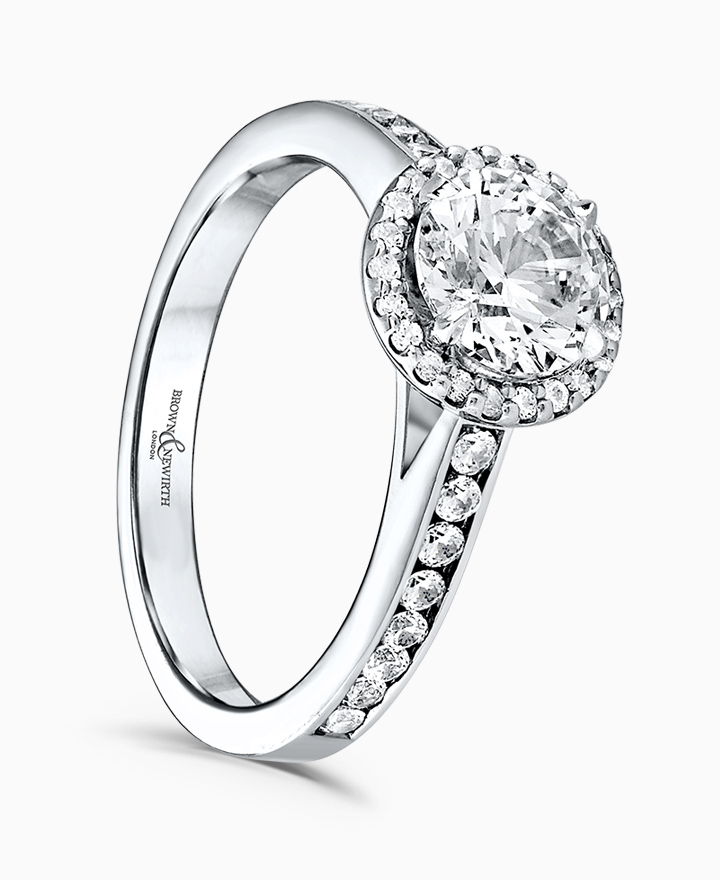 Handcrafted by Brown & Newirth; our signature 'bloom' floral detailing with diamond halo framing a round brilliant cut diamond, presented here on a diamond set band. Centre 1.00ct, total 1.35ct. Part of the Bloom Collection.
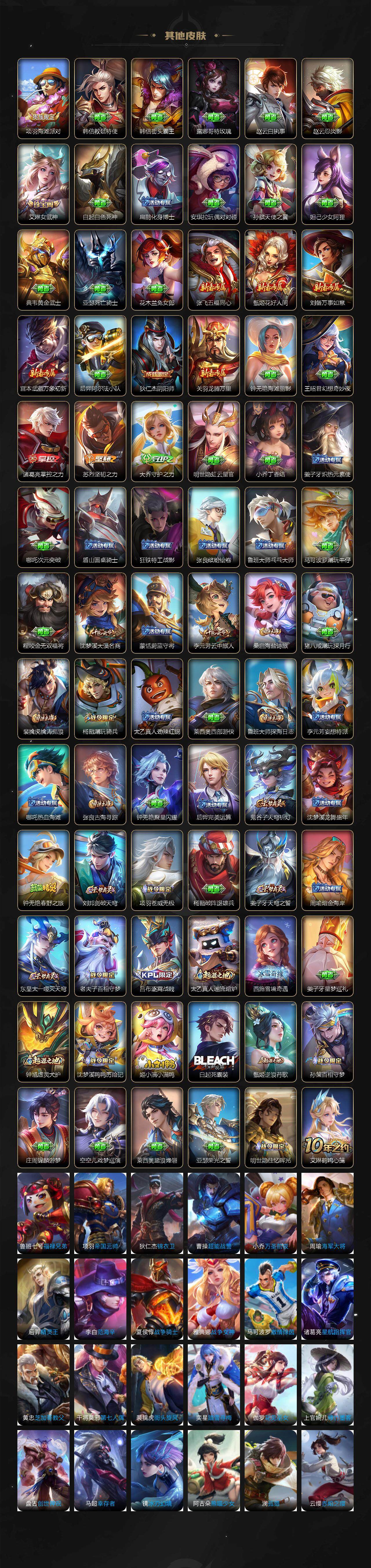 【其他皮肤】:项羽海滩派对,韩信教廷特使,韩信街头霸王,露娜哥特玫瑰,赵云白执事,赵云忍炎影,艾琳女武神,白起白色死神,扁鹊化身博士,安琪拉玩偶对对碰,孙膑天使之翼,妲己少女阿狸,典韦黄金武士,亚瑟死亡骑士,花木兰兔女郎,张飞五福同心,甄姬花好人间,刘备万事如意,宫本武藏万象初新,后羿阿尔法小队,狄仁杰阴阳师,关羽龙腾万里,钟无艳海滩丽影,王昭君幻想奇妙夜,诸葛亮掌控之力,苏烈坚韧之力,大乔守护之力,明世隐虹云星官,小乔丁香结,姜子牙炽热元素使,哪吒次元突破,盾山圆桌骑士,狂铁特工战影
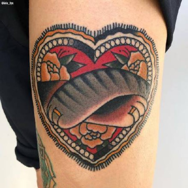 心形猫咪纹身--一组oldschool风格的猫咪主题心形纹身图案
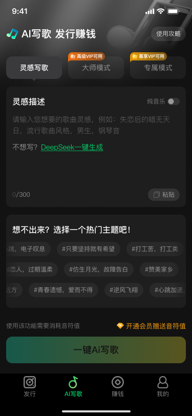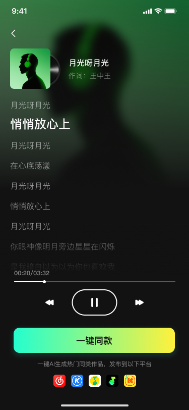 随时随地开启音乐创作之旅,AI 金曲大师 APP 让每个人都能成为金曲制造机!无论是通勤路上迸发灵感,还是深夜突然有了创作冲动,打开 APP,一键开启你的音乐创作。 基于前沿深度学习的多模态 AI 模型,AI 金曲大师 APP 实现词曲生成、智能编曲、人声合成一站式创作。输入关键词或哼出旋律片段,3 分钟内即可生成包含主旋律、和声、歌词的完整曲目。「情绪 - 风格」双维度算法,精准匹配伤感抒情、电子舞曲等数十种音乐流派,满足不同创作需求。APP 还支持录制 10 秒人声样本,快速生成专属 AI 歌姬,让你的声音化身百变歌手,轻松驾驭多元曲风。 APP 内置的文学性评估模型,能实时检测歌词押韵度、意象连贯性,提供「诗意增强」「口语化调整」等优化建议。智能混音功能搭载百万级音源库与智能均衡器,支持多轨道编辑、BPM 调节,即使在手机上也能输出 CD 级品质作品。无论你是音乐小白,还是专业创作者,AI 金曲大师 APP 都能帮你将灵感转化为爆款金曲。

GOAL OF THE EXERCISE >> Retype only the lines from the line with "心形猫咪纹身--一组oldschool风格的猫咪主题心形纹身图案" through the last line of the data. Keep both ends and skip the pictures.

SOLVED EXERCISE >>
 心形猫咪纹身--一组oldschool风格的猫咪主题心形纹身图案
 随时随地开启音乐创作之旅,AI 金曲大师 APP 让每个人都能成为金曲制造机!无论是通勤路上迸发灵感,还是深夜突然有了创作冲动,打开 APP,一键开启你的音乐创作。 基于前沿深度学习的多模态 AI 模型,AI 金曲大师 APP 实现词曲生成、智能编曲、人声合成一站式创作。输入关键词或哼出旋律片段,3 分钟内即可生成包含主旋律、和声、歌词的完整曲目。「情绪 - 风格」双维度算法,精准匹配伤感抒情、电子舞曲等数十种音乐流派,满足不同创作需求。APP 还支持录制 10 秒人声样本,快速生成专属 AI 歌姬,让你的声音化身百变歌手,轻松驾驭多元曲风。 APP 内置的文学性评估模型,能实时检测歌词押韵度、意象连贯性,提供「诗意增强」「口语化调整」等优化建议。智能混音功能搭载百万级音源库与智能均衡器,支持多轨道编辑、BPM 调节,即使在手机上也能输出 CD 级品质作品。无论你是音乐小白,还是专业创作者,AI 金曲大师 APP 都能帮你将灵感转化为爆款金曲。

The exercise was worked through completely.